• **GIVEN RECORDS**:
####################

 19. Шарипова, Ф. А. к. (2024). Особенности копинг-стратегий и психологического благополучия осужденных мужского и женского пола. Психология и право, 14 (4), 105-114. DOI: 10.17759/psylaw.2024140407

####################

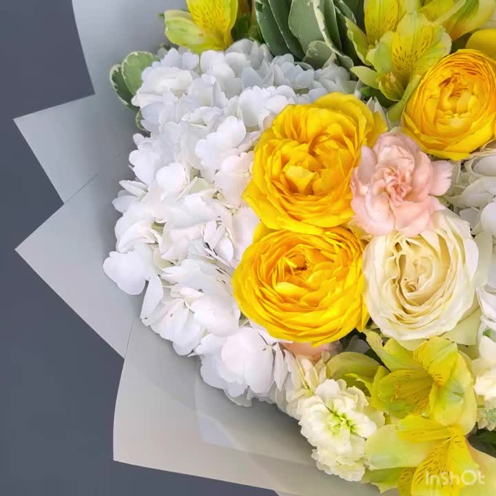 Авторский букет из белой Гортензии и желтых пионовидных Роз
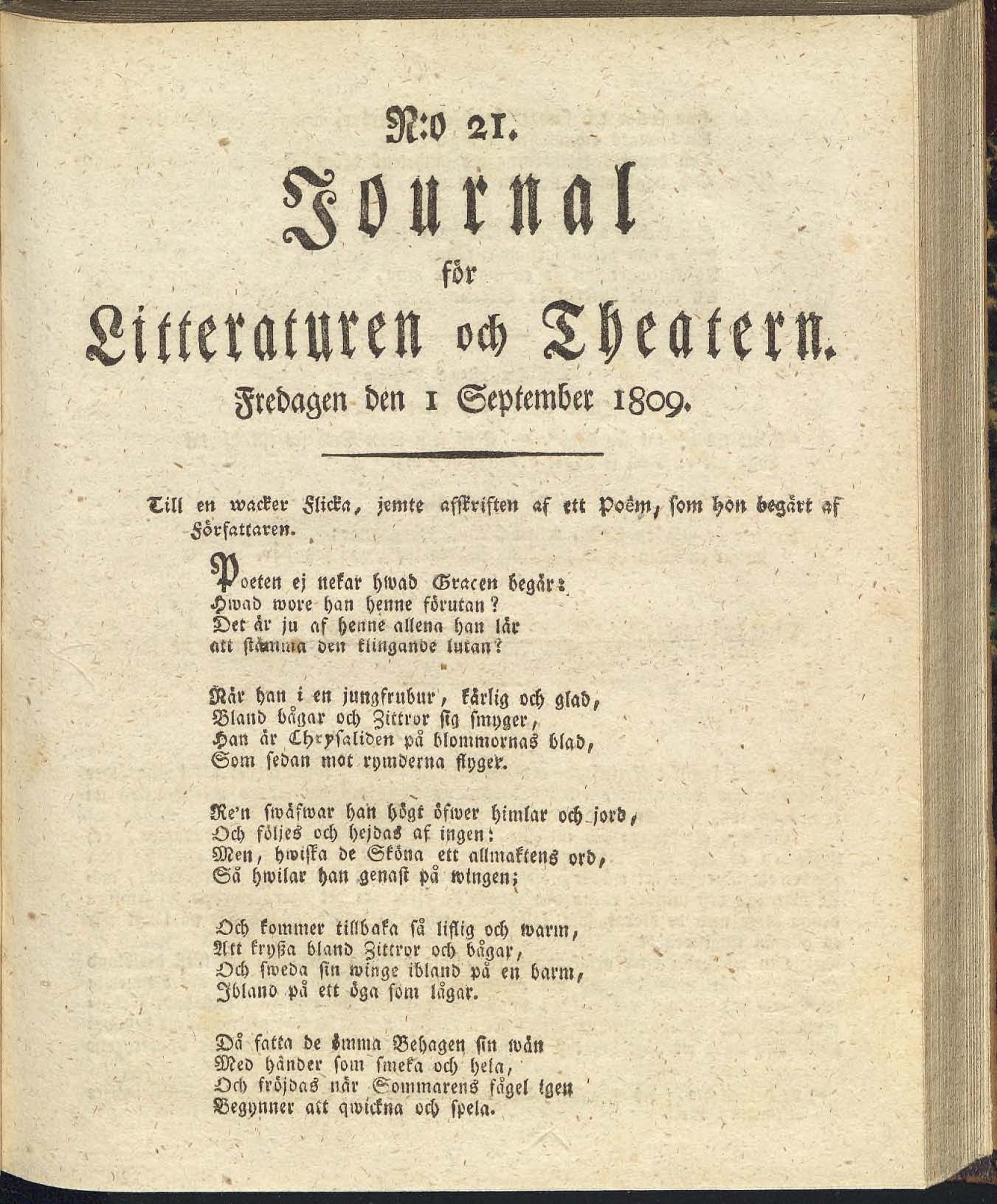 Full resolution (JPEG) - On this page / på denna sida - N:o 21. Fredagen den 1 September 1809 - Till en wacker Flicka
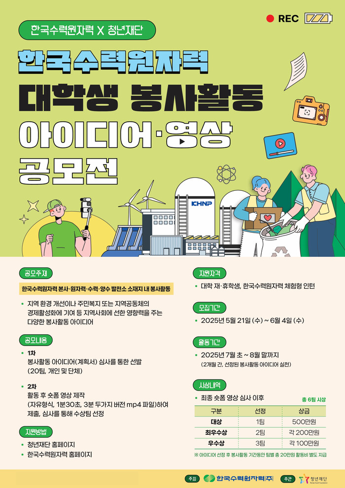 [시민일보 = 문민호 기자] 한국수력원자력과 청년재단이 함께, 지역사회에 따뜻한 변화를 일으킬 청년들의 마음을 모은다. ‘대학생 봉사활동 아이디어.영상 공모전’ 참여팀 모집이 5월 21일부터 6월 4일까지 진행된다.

####################

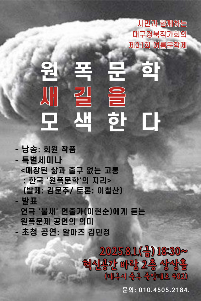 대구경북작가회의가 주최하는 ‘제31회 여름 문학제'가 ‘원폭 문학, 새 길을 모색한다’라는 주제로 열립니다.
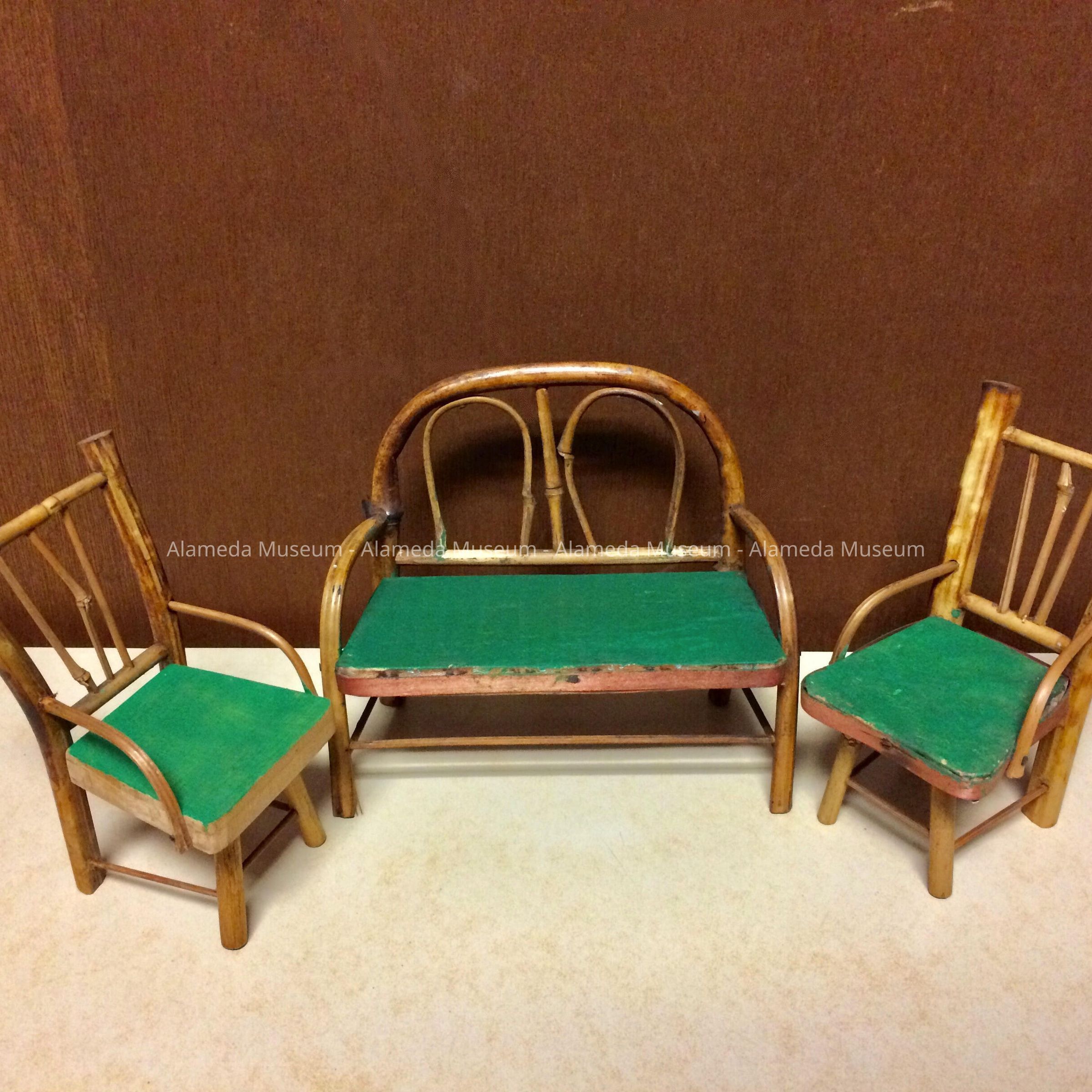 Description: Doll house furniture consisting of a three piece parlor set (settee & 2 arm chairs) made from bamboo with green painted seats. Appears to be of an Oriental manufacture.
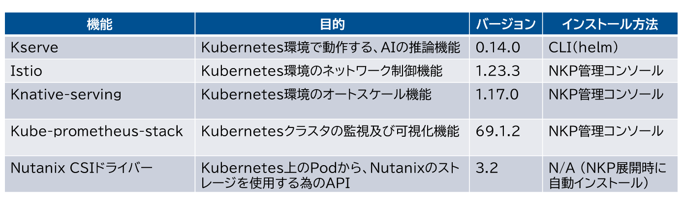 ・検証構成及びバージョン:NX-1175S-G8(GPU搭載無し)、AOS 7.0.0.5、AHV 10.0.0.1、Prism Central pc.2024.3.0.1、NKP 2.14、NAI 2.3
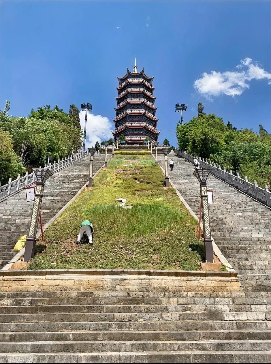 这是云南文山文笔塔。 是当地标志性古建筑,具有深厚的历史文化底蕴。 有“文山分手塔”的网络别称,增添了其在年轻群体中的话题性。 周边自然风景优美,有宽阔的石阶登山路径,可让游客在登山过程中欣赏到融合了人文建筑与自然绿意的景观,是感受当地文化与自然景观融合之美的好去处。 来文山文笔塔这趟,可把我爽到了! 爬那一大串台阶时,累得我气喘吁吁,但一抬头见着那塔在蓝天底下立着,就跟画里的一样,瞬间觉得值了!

####################

• **TASK DIRECTIONS**:
Each line above from the one containing "Full resolution (JPEG)" through the one containing "[시민일보 = 문민호" is to be returned verbatim. Nothing else, and no pictures.

• **ANSWER TO THIS EXERCISE**:
 Full resolution (JPEG) - On this page / på denna sida - N:o 21. Fredagen den 1 September 1809 - Till en wacker Flicka
 [시민일보 = 문민호 기자] 한국수력원자력과 청년재단이 함께, 지역사회에 따뜻한 변화를 일으킬 청년들의 마음을 모은다. ‘대학생 봉사활동 아이디어.영상 공모전’ 참여팀 모집이 5월 21일부터 6월 4일까지 진행된다.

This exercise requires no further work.